One of the comments which came from a buddy in Massachusetts during a recent phone call told me that there are those out there in the world who have been personally exposed to the effects of negative leadership. My friend asked me if it was possible that the bad leaders of the world were unaware of the fact that they were not good. He also asked me if it was possible to have 21 firefighters on one page and the chief on another.

My answer to him was short and sweet indeed. That was a yes to both queries. I said that these are two of the most frequent of all organizational problems. Those who are most in need of personal change are usually the ones who go through life blissfully unaware of the havoc they leave strewn about in their wake as they move from disastrous interaction to asinine comment, and on to stupid statement. It was this telephone conversation which led to the selection of the title for this week's visit with you.

One of the major problems that every organization faces from time to time is the issue of focus. Sometimes you find yourself asking whether everyone in you department is doing the same things as you. I have witnessed situations in certain fire departments where it almost seems like there are four teams of horse pulling in four separate directions.
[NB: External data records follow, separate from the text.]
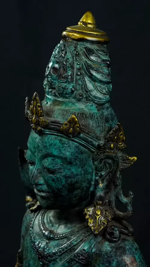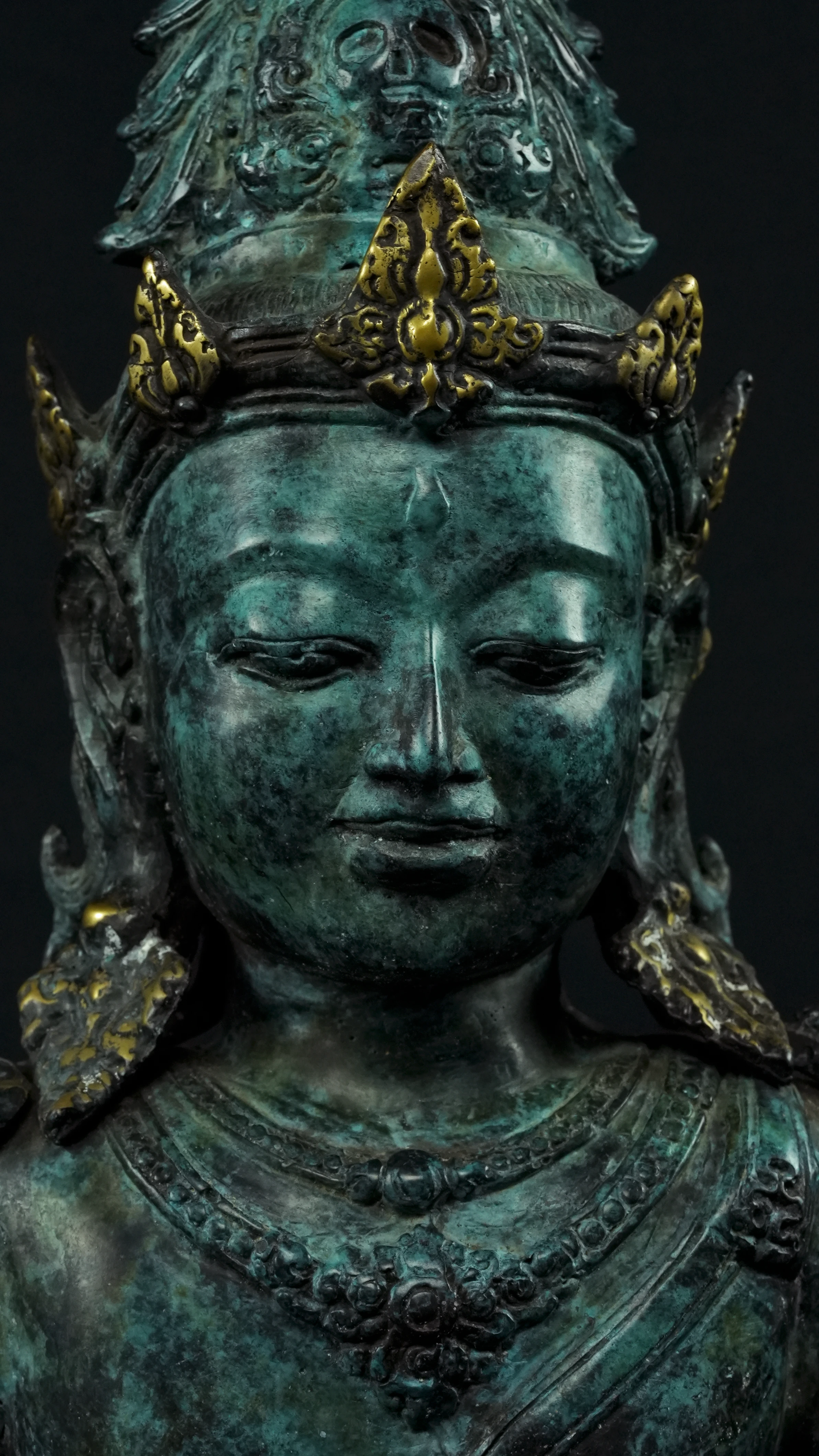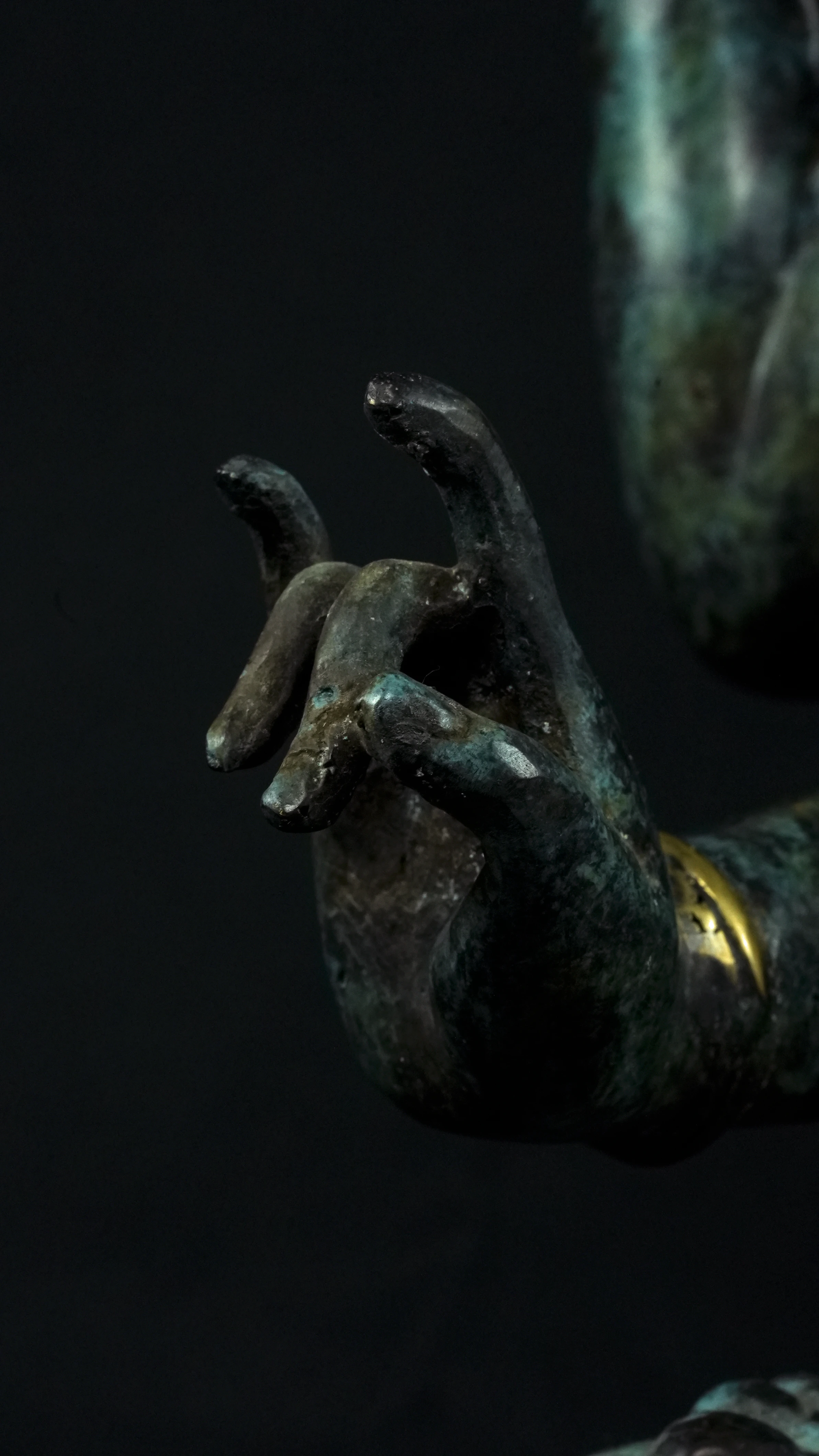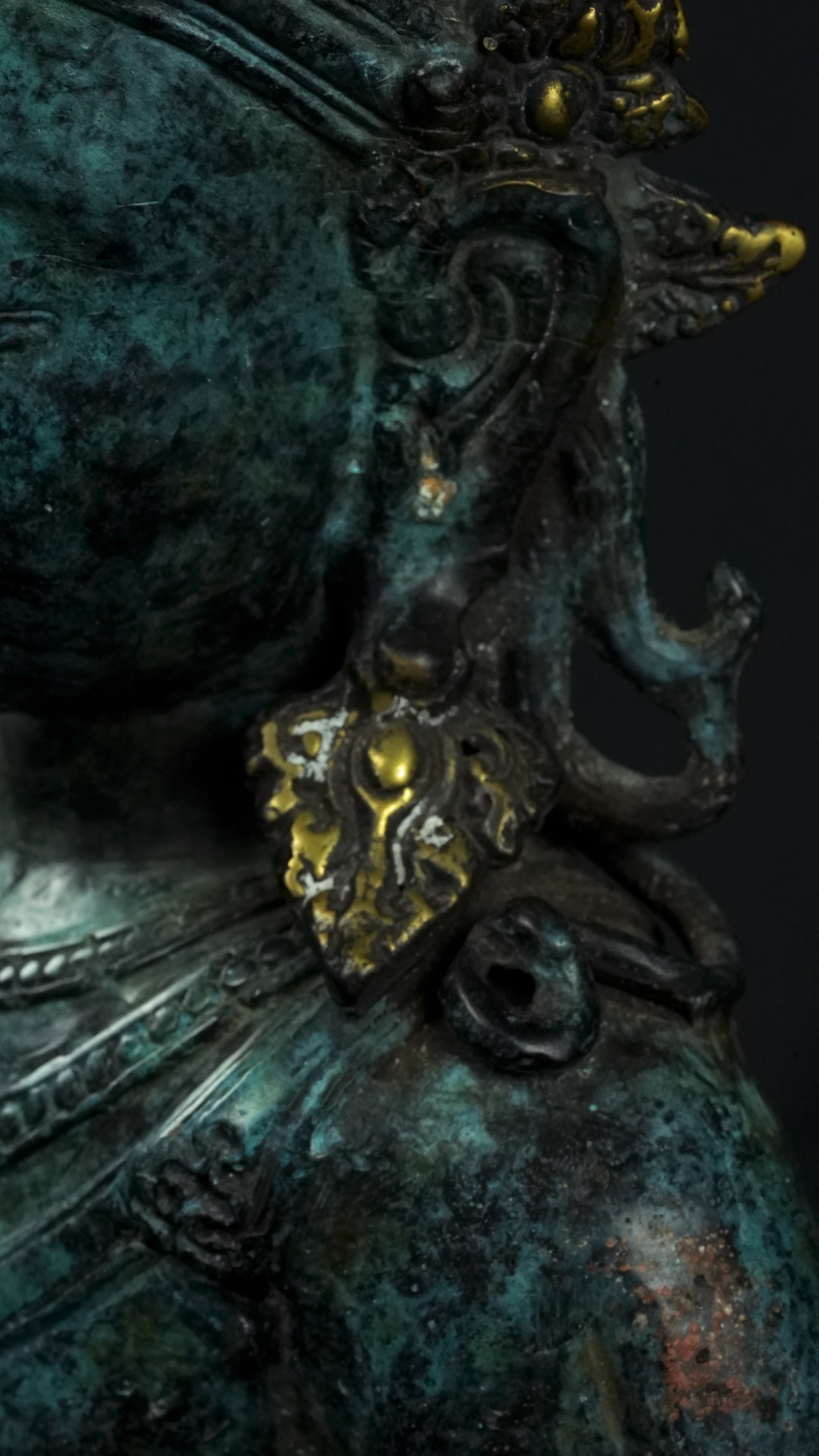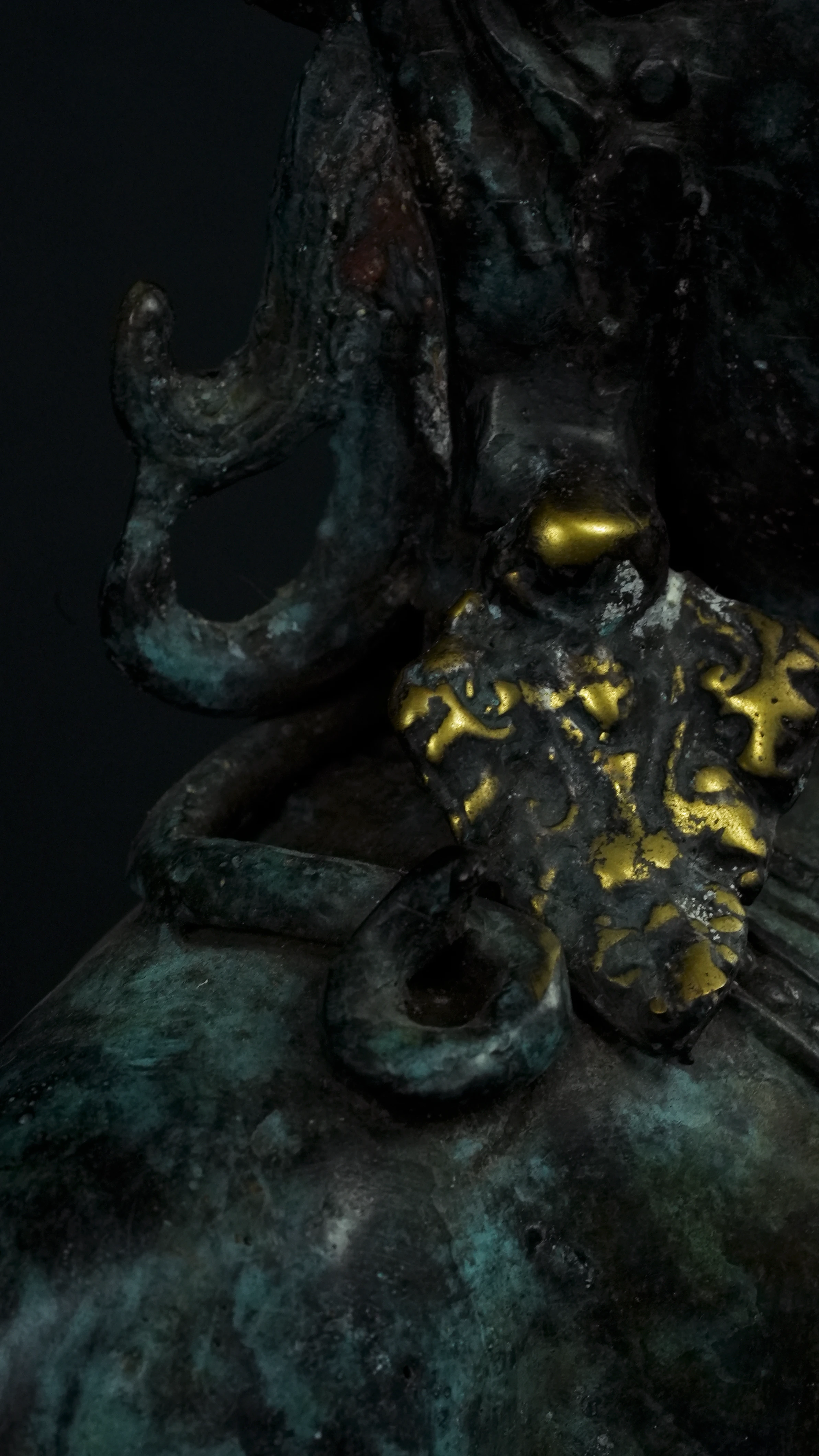 Cette statue de Brahma, aux teintes cuivrées et vertes patinées, incarne la rencontre de la conscience et de la matière. Assis en posture de méditation, il dégage une présence stable et sereine, portant en lui l’intelligence divine à l’origine de toute chose. Chaque élément, son mudra d’enseignement, le vase de création, le mala du temps et le sceptre de sagesse symbolisent un aspect de l’ordre universel et de la transmission sacrée. Les reflets dorés sur sa coiffe et ses ornements rappellent la lumière pure de la connaissance qui éclaire toute création alignée. Le socle en lotus, finement sculpté, évoque la pureté née du chaos, tandis que son regard apaisé reflète l’équilibre parfait entre le verbe, l’intention et la forme.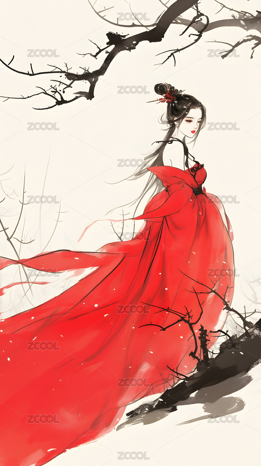 水墨红梅美人图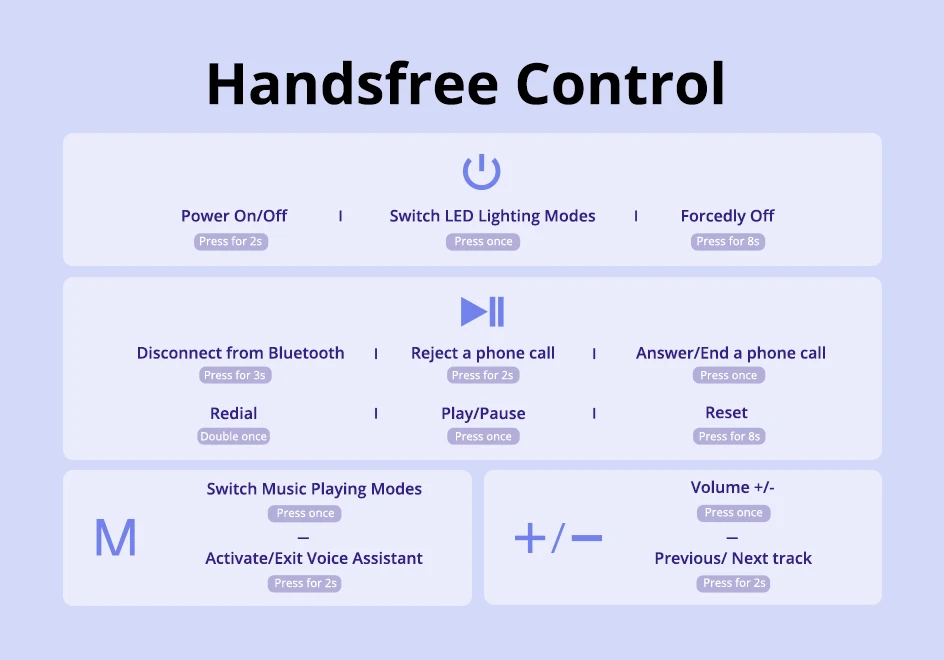 Нет, вы должны нажать кнопку M один раз, чтобы переключить режимы воспроизведения музыки с Bluetooth, Aux-in, tf-карты и USB флэш-накопителя в свою очередь.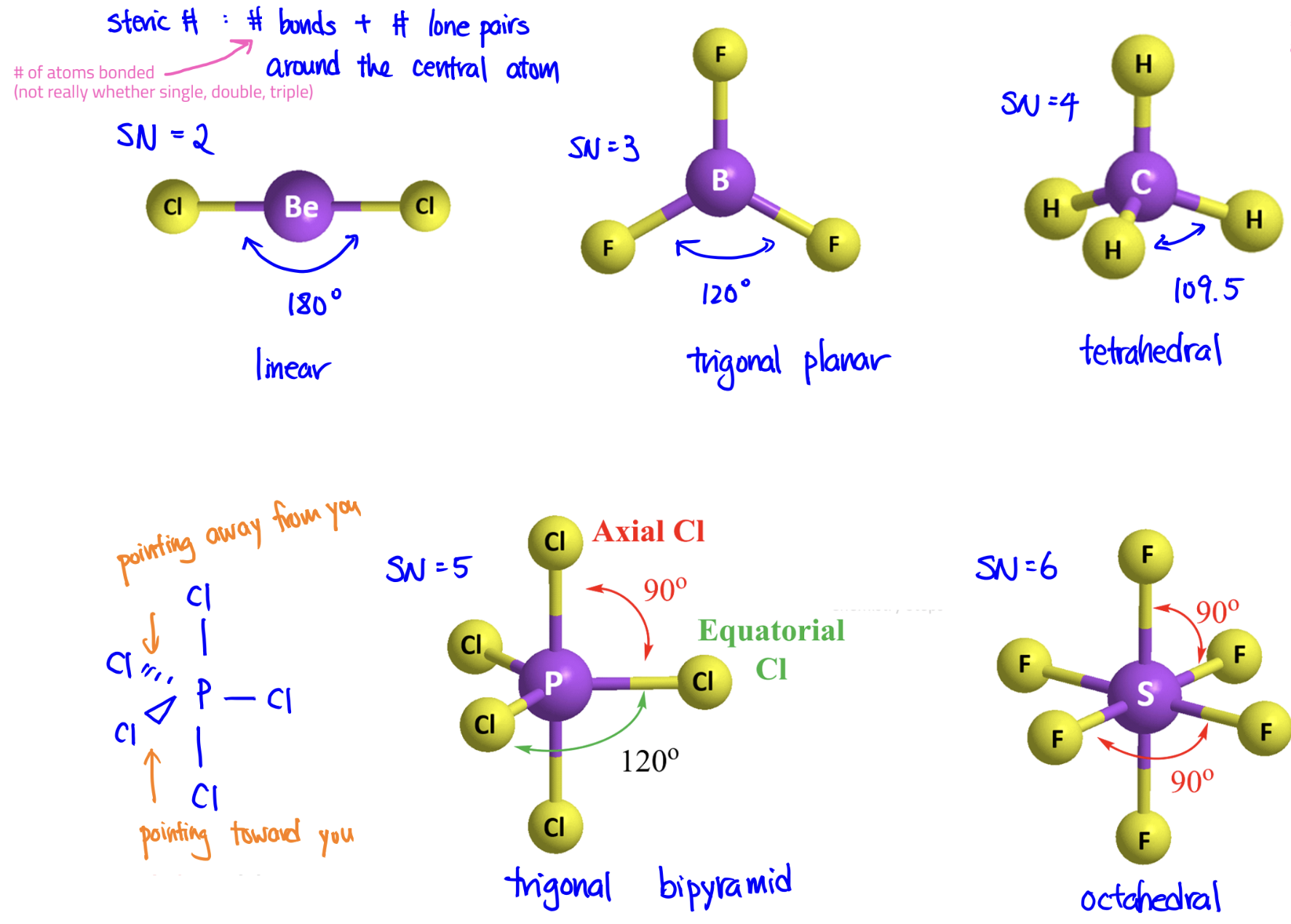 Bonds and lone pairs repel one another and, to minimize their repulsions, the bonds and lone pairs move as far apart as possible while maintaining the same distance from the central atom.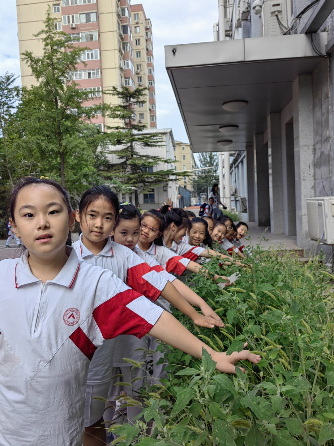 孩子与葱茏的校园一同成长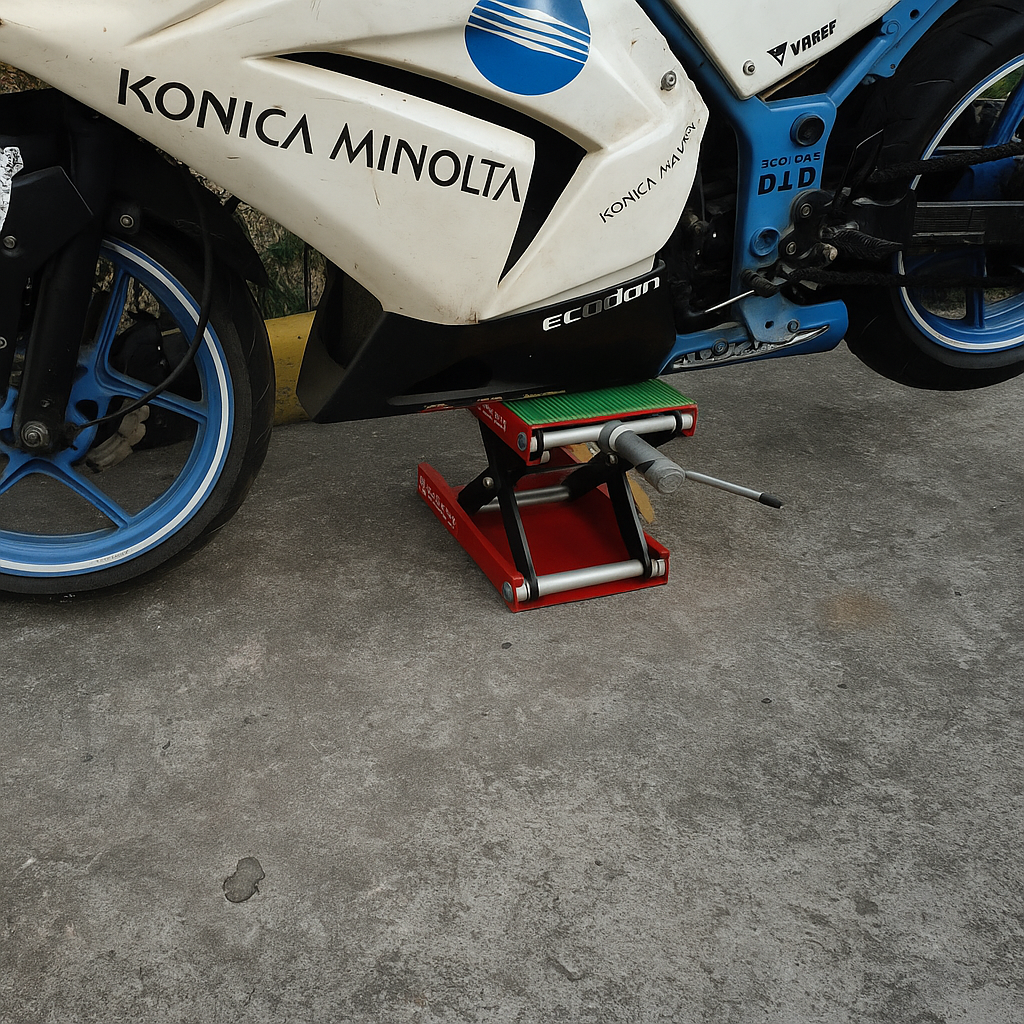 Built from high-tensile steel, it ensures superior strength and durability under heavy loads. The scissor-type mechanism provides smooth height adjustment for easy access to the underbody, wheels, and suspension components. Its wide base ensures excellent stability, while the rubber-padded top platform protects the bike’s chassis from scratches and slipping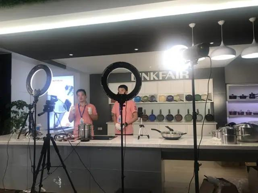 在萬事泰集團(tuán),總共安排了十八場直播和一場新品發(fā)布會,充分利用自有廚房樣板間和產(chǎn)品展示廳等資源,直接把直播間設(shè)在實體廚房,5名業(yè)務(wù)主播們通過詳細(xì)講解、烹飪演示以及插播產(chǎn)品視頻,按產(chǎn)品類別來直播銷售該公司本屆的新產(chǎn)品。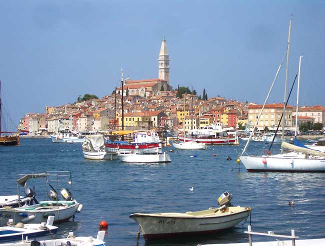 プーラからバスで40分、沿岸部を北上した所にあるロヴィニという町はヨーロピアンが夏のバカンスに訪れるイストリア半島の中でも群を抜いて人気があるとガイドブックに書かれていた。そのために、地元の人は宿もレストランも「どうやったら少しでも利益を上げられるか目を皿のようにしている」・・・とここまで読んでロヴィニにはお弁当を持って日帰りで行くことに決定。宿代金やレストラン代金で地元の人の言うなりにはなりたくないが、そんなに人気の町ならちょっと見てみたいじゃない?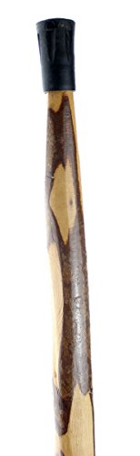 Product Description This 55in. hiking stick is made of Huangtang wood with a wrist strap. The metal tip offers better traction, but it can be covered with the removable metal reinforced rubber tip. 0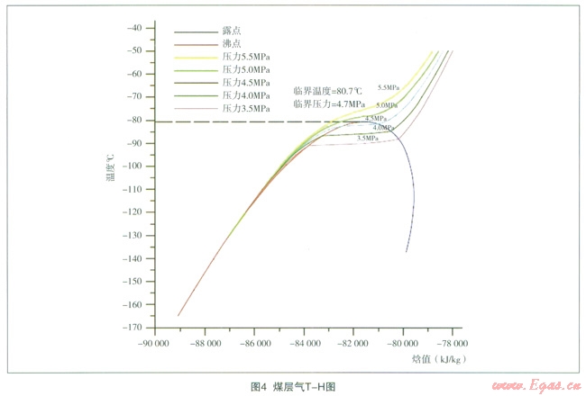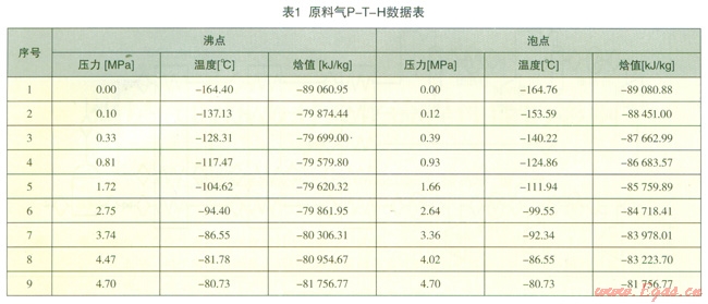 在特定壓力下,利用根據(jù)圖l建立的系統(tǒng)模型對(duì)煤層氣從初溫-40℃冷卻至-l40℃的過程中對(duì)煤層氣的T-H進(jìn)行模擬計(jì)算,結(jié)果詳見表2。

In ancient times this sort of four-way harness was used to kill people in a most painful, horrible manner. In ancient times this pulling in four directions was the quartering part of the punishment known as drawing and quartering. It was extremely painful to the person being punished, and a most horrible way to die. So too is it painful to watch an organization tear itself apart.

One of the best examples of the need to be on the same page comes from the world of music. In order for a musical number to sound its best, all of the players must be playing the correct note at the right moment. I have been at rehearsals where the band director accidentally gave different arrangements of the same piece created by different musical arrangers, to the band.

This error was discovered in short order, as there was a sudden burst of discordant notes and odd sounds. The cacophony which resulted was not pleasing to the ear, soul, or psyche of anyone present. The melody was similar, but the supporting notes were all screwed up.

This happened to me the other day in church, where I am a member of the Alleluia Jazz at the Colts Neck Reformed Church. We were to play a really neat musical piece for the congregation during our service. During the pre-service rehearsal, something did not seem right.

My part appeared to be off by a couple of measures. I ended up with a really exposed tuba solo that just did not seem right. I found myself having to skip measures to keep up with the melody. However, I adjusted to the situation and did not stand out too badly.

During the break between services I asked our band director to take a look at my part and see if something was amiss. As I returned from coffee break she informed me that she had accidentally added two measures to my part. The corrected version was much easier to play and made more sense. Of course the pastor and his associate liked my "solo" during the first service so much that the director added in a few extra bass notes for me to lead the band in at various parts in the music.

The band leader did her job. That is how a leader functions. They lay out their vision for the organization, much like a composer or arranger writes their sheet music. They then pay continual attention to the manner in which their organization is working and keeps an eye (or ear) out for the wrong notes which can stymie the group's progress. Corrections are then made as needed.

This is a critical process for any organization. Let me share a real sad story with you about a situation where it did not happen.

There is a small church near me which recently experienced vision and coordination problems with their new pastor. It seems that one Sunday a member of the congregation stood up during the period when messages from the congregation were traditionally addressed to the members of the congregation, and thanked a number of people for their efforts at a recent church event.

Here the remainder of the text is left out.